Below are the records; give again exactly the lines from the one containing "FACADE NORD-OUEST - éch.: 1 / 400°" through the one containing "Figure 1. Pour", leaving out pictures.

** Opening RECORDS PROVIDED block **

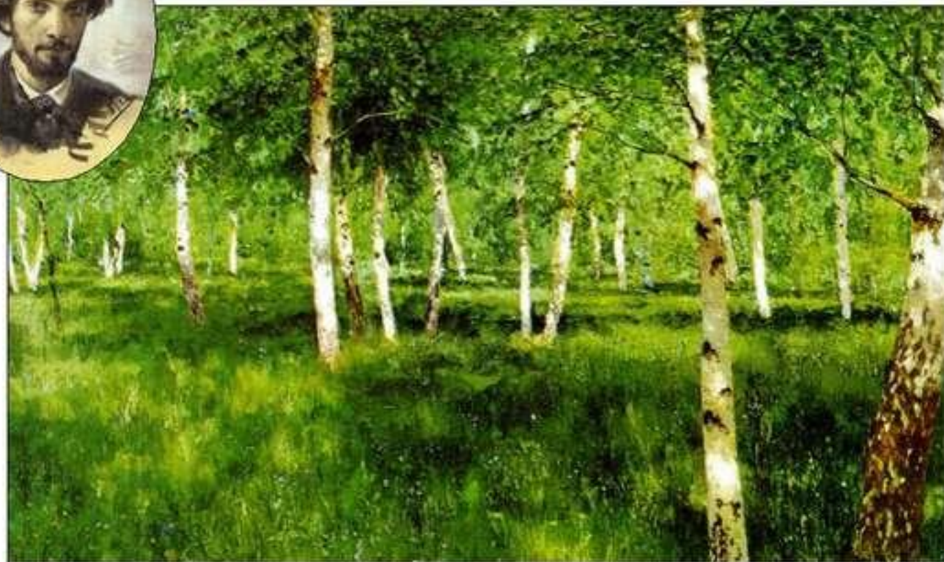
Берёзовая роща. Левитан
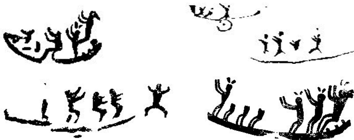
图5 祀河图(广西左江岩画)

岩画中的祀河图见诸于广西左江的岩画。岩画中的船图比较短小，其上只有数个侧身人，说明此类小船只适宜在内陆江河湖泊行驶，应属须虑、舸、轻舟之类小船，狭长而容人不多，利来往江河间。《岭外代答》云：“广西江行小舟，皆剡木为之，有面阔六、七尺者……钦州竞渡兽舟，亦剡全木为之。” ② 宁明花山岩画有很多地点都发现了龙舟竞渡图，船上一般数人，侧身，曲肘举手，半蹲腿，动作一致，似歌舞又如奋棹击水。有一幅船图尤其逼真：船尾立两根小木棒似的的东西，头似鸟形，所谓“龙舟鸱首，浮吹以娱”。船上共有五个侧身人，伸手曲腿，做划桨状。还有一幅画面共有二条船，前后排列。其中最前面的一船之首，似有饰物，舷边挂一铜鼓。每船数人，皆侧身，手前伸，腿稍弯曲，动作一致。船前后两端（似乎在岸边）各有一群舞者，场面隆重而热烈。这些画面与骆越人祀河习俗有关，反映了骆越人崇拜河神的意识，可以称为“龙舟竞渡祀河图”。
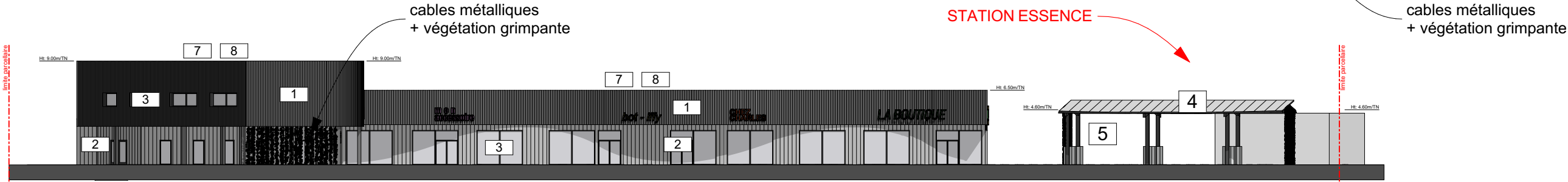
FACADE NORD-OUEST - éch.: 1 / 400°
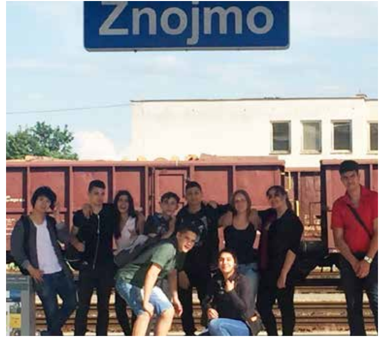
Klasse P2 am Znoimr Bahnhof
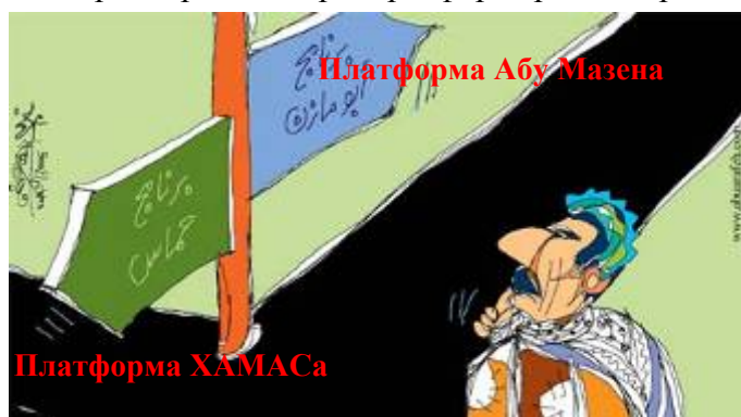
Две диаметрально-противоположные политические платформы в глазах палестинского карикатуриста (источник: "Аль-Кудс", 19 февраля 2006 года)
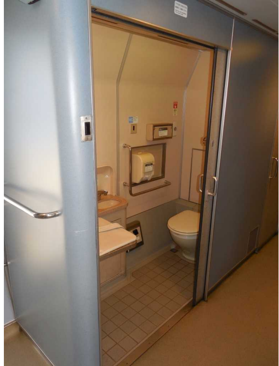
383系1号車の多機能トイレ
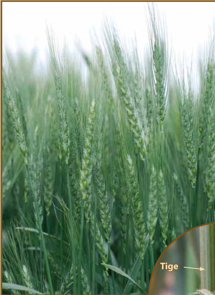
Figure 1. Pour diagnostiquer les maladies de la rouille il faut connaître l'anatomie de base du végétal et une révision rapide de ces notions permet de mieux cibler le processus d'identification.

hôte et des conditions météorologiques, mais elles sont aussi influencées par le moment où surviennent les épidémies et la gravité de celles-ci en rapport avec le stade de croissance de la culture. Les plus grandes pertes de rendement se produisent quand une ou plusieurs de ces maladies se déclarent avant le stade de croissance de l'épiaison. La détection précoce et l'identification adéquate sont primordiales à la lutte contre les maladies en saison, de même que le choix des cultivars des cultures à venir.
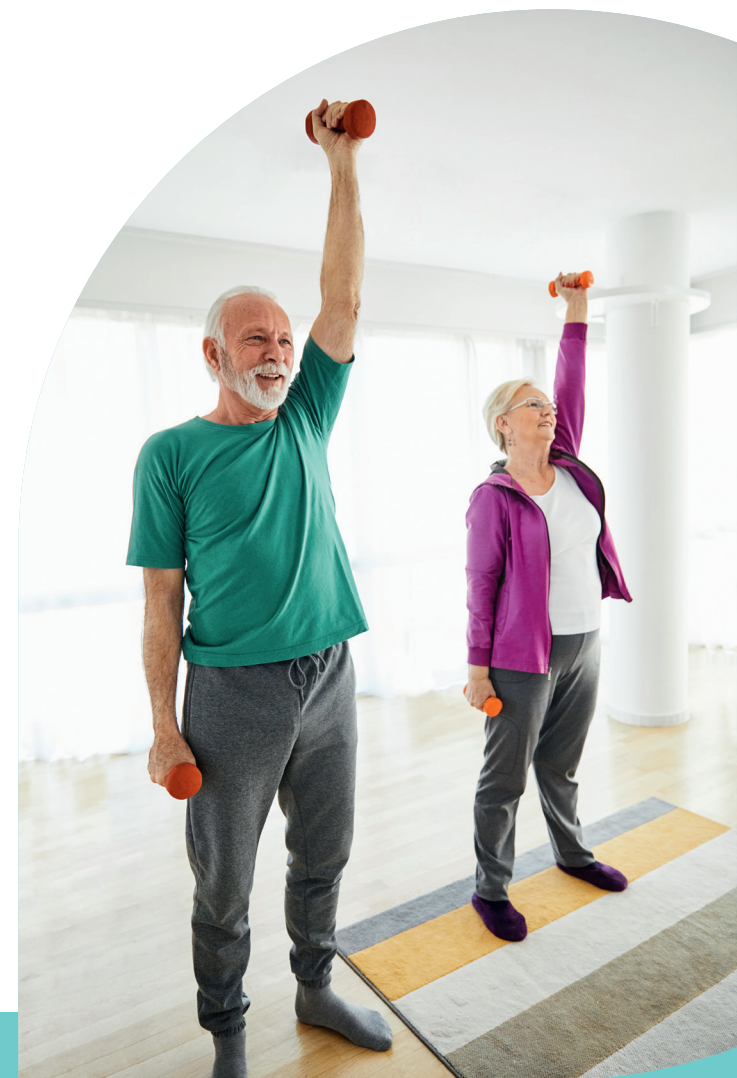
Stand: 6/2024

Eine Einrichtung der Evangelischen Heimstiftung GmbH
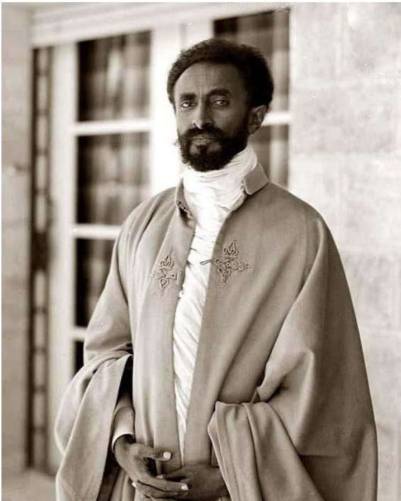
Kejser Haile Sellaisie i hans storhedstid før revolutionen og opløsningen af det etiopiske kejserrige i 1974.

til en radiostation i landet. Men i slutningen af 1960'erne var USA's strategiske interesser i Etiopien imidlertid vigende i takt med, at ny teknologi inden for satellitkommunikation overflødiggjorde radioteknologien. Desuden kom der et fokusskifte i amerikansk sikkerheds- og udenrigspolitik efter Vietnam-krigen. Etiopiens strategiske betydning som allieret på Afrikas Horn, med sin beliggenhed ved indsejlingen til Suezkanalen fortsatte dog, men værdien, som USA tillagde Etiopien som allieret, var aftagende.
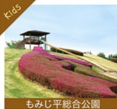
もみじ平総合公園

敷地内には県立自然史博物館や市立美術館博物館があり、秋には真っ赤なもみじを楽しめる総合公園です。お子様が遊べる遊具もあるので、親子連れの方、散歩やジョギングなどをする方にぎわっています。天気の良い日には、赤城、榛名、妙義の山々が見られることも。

** Closing RECORDS PROVIDED block **

WRITTEN RESPONSE
FACADE NORD-OUEST - éch.: 1 / 400°
Klasse P2 am Znoimr Bahnhof
Две диаметрально-противоположные политические платформы в глазах палестинского карикатуриста (источник: "Аль-Кудс", 19 февраля 2006 года)
383系1号車の多機能トイレ
Figure 1. Pour diagnostiquer les maladies de la rouille il faut connaître l'anatomie de base du végétal et une révision rapide de ces notions permet de mieux cibler le processus d'identification.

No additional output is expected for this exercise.